- **DIRECTIONS**
Using the data that follows, give again word for word the lines between the one holding "Some Shining Spears, with" and the one holding "غلاية كهربائية من هاميلتون بسعة 1.7 لتر", inclusive. Omit the pictures.

- **DATA PROVIDED**
# # # #

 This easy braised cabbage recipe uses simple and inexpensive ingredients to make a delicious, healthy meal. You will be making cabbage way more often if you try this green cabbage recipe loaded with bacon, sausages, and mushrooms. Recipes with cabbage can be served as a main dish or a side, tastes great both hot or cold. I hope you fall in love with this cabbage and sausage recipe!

# # # #

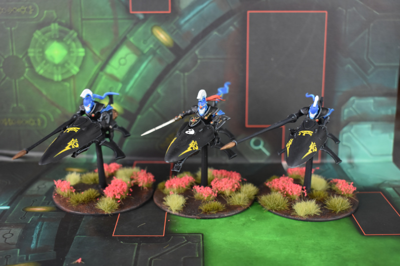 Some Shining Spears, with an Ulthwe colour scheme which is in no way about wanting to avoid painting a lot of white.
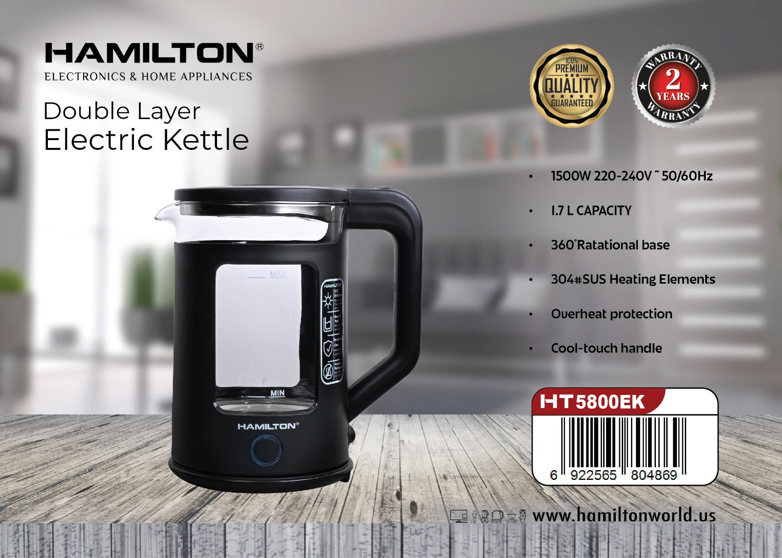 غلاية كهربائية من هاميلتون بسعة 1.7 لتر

# # # #

- **EXERCISE ANSWER**
 Some Shining Spears, with an Ulthwe colour scheme which is in no way about wanting to avoid painting a lot of white.
 غلاية كهربائية من هاميلتون بسعة 1.7 لتر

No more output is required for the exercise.